I, for one, LOVE the minor dominant in a major key. (Think the chorus of Suede's Trash, fex). The minor third can go to lots of places (more open) then the major third, which (almost) always wants to sneak up to the ground note (root note? whatever you call it).

In other words: To my ears, a major key can need the cooling factor of a sub's sub, or a minor dominant. Don't you agree?
I don't agree because I think it boils down to how you write material from the ground up rather than from the generic chord type down. in other words, I don't think these terms have all that much meaning outside of concrete examples.

It's like saying "don't you just love adjectives? And adding an adverb to a sentence with adjectives is even better."

These terms are like musical parts of speech, but in the abstract seem a little silly -

Just as you can have millions of sentences, good and bad, with and without adverbs, the same could be said of generic chords in the abstract as well: you can generate millions of songs, good and bad, with variations of tonics/dominants/subdominants.

The devil, the beauty, and the uniqueness is in the details.

My .02.

-matt
Old 12th June 2006
  #195
Lives for gear
 
ArcCirDude's Avatar
 

Quote:
Originally Posted by MattiMattMatt
Just as you can have millions of sentences, good and bad, with and without adverbs, the same could be said of generic chords in the abstract as well: you can generate millions of songs, good and bad, with variations of tonics/dominants/subdominants.
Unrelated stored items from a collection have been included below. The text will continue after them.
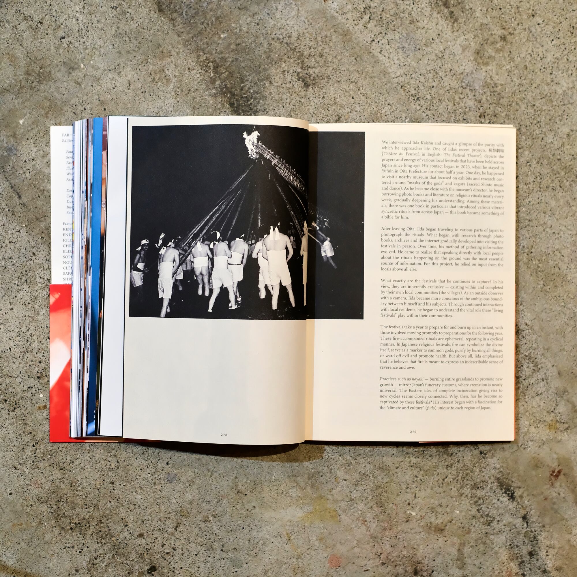 本号には、Kaishu Iidaよる《祝祭劇場》シリーズも収録。演劇的かつ儀礼性を帯びたイメージ群が、「HEAT」というテーマを個人的な身体感覚から集団的な祝祭空間へと拡張します。静かな親密さと、張り詰めた空気、そして祝祭の高揚。その振幅が一冊の中で有機的に展開されます。インタビューはTaikou Kaneda (Bong Sadhu).
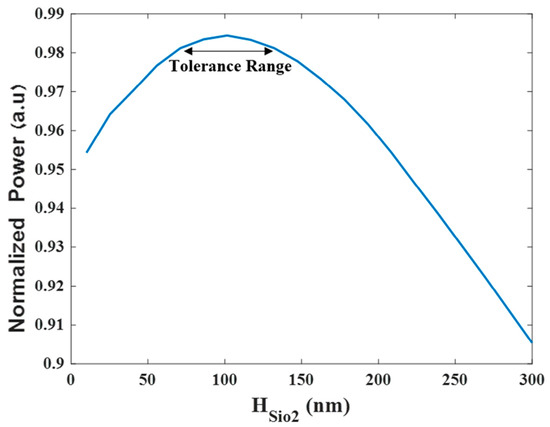The simulations of the 4 × 1 MMI power combiner based on Si3N4 slot waveguide were performed using Rsoft-cad software. The graphs were plotted using Matlab script codes based on the collected data from the FV-BPM results. The thick layer of both the Si3N4 and SiO2 were set to 350 nm and 100 nm, respectively. The thickness of the SiO2 layer was optimized according to the slot waveguide physical behavior of the TE fundamental mode field. The normalized power level of the TE fundamental mode was simulated and solved for finding the optimal slot thickness size as shown in Figure 2. From this figure, the optimal value of the SiO2 layer can be found and is 100 nm. To satisfy the limit error fabrication that can happen today in a good fab that works with high precision, at least a ±20 nm range was set to be the tolerance range [34]. Therefore, the tolerance range was set between 80–120 nm which is suitable for 98% of the normalized power as shown in Figure 2. The thickness of the Si3N4 layer was set to be 350 nm to match the standard ability that exists today in a fab facility to fabricate an Si3N4 layer which is usually between 300–400 nm.
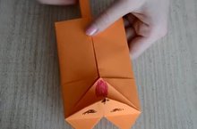 Занятие по конструированию из бумаги в подготовительной группе «Рыжая лисичка». Программное содержание: Учить детей мастерить поделки в технике оригами, используя поэтапные схемы изготовления животного (лисицу); учить четко выполнять инструкции педагога; Закрепить умение складывать квадрат в разных направлениях; закреплять навыки декоративного украшения готовой фигурки; умение правильно размещать изготовленную фигуру на панно; Заинтересовать детей изготовлением поделок из бумаги в технике оригами; помочь каждому ребенку добиваться желаемого результата и доводить начатое дело до конца; Развивать память, внимание, логическое внимание, мелкую моторику рук, способствовать развитию конструктивных и творческих способностей ребенка; Воспитывать усидчивость, самостоятельность, аккуратность, умение работать в коллективе. Материал для занятия: демонстрационный: Царь-картон (игрушка-самоделка), панно леса с различными видами птиц, зверей, рыб, деревьев, выполненных в технике оригами, схемы поэтапного складывания животного (лисицы); раздаточный: на каждого ребенкабумажные квадраты оранжевого цвета (10*10) –для изготовления туловища животных, (8*8) –для головы животных, кусочки черной, белой бумаги для глаз, носа, лап; ножницы, клей, клеенки, салфетки. 13.02.2016
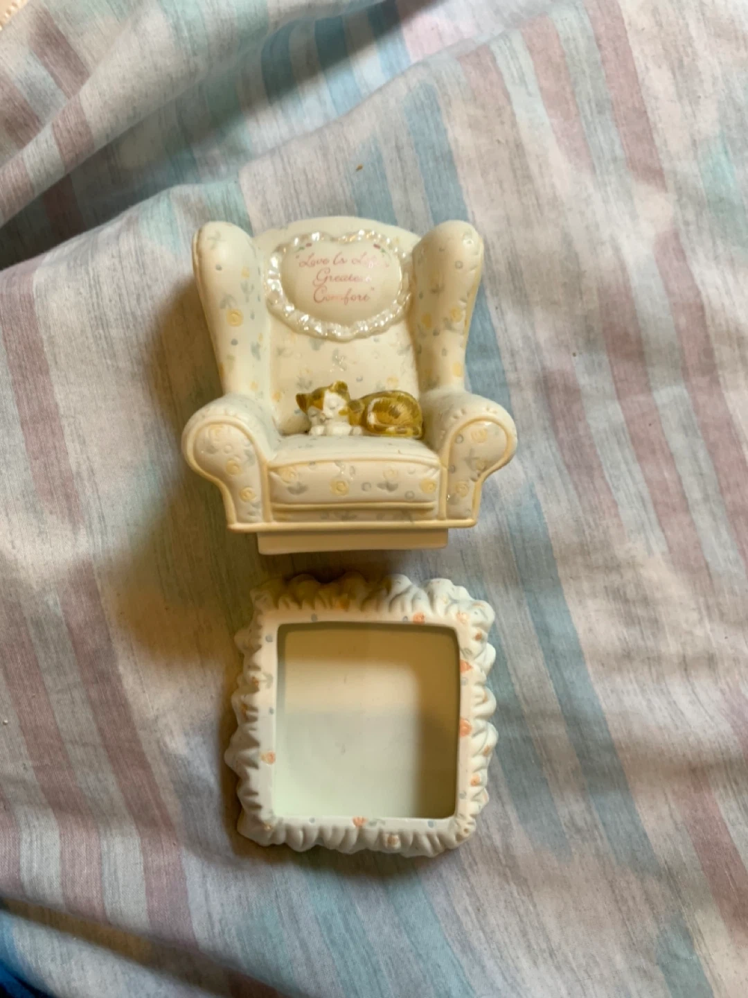 Selling a lovely Ardleigh Elliott porcelain music box from the Home Comforts Heirloom Porcelain Music Box Collection. It plays the melody of 'The Greatest Love of All'. It's in great condition!
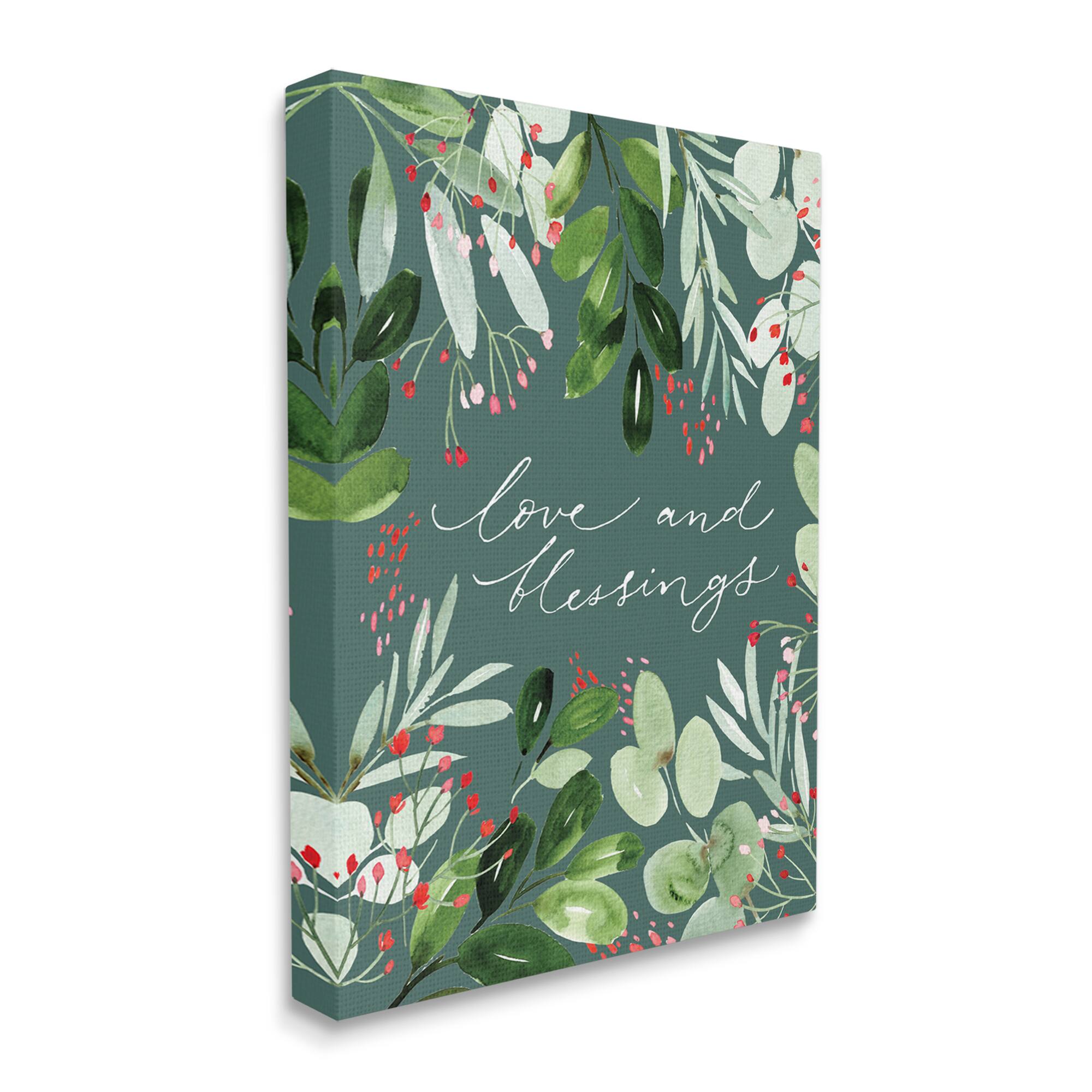 Stupell Industries Love & Blessings Green Floral Leaves Canvas Wall Art
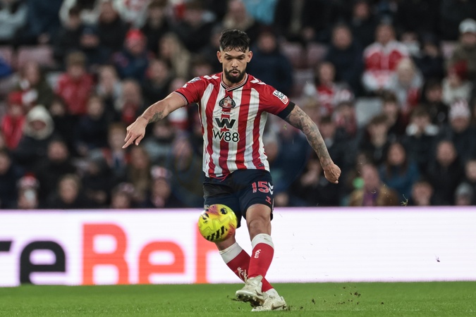 Omar Alderete of Sunderland with the ball during the Premier League match Sunderland vs Leeds United at Stadium Of Light, Sunderland, United Kingdom, 28th December 2025, Credit:Ae Cosgrove/News Images / Avalon

The devil, the beauty, and the uniqueness is in the details.

My .02.

-matt
My musical sentence variations using only tonic, dominant and sub-dominant...

See the dog.
The dog see.
Dog the see.
See dog the.

Yes, the devil, beauty, and uniqueness IS in the details.....

Let me explain....

If "See" is the V (dominant), "the" is IV (sub-dominant) and "dog" is I, "See the dog" is "Sweet Home Alabama". With me?
If we change the third on the dominant, the leading tone, to a minor, it's a whole different ball game. "See" is now spelled "sea".
So, our second example, "The dog see", changes from a lame ebonics statement to "The Dog Sea", something entirely different and unique.
Dig?

I thought I killed this thread a long time ago....
Old 12th June 2006
  #196
Gear Addict
 
wildstar's Avatar
 

Quote:
Originally Posted by dntknowsht
How about this one? Green Day's American Idiot, has at least 20 incidents of "hey that part's from *fill in the blank*. The whole record sounds like they just submitted their favorite rock & roll riffs and pieced together songs out of them. Great record though, IMO.
No kidding. They do a great 20-second cover of "Summer of '69". I forget where on the album... But it's the best 20 seconds on the whole CD.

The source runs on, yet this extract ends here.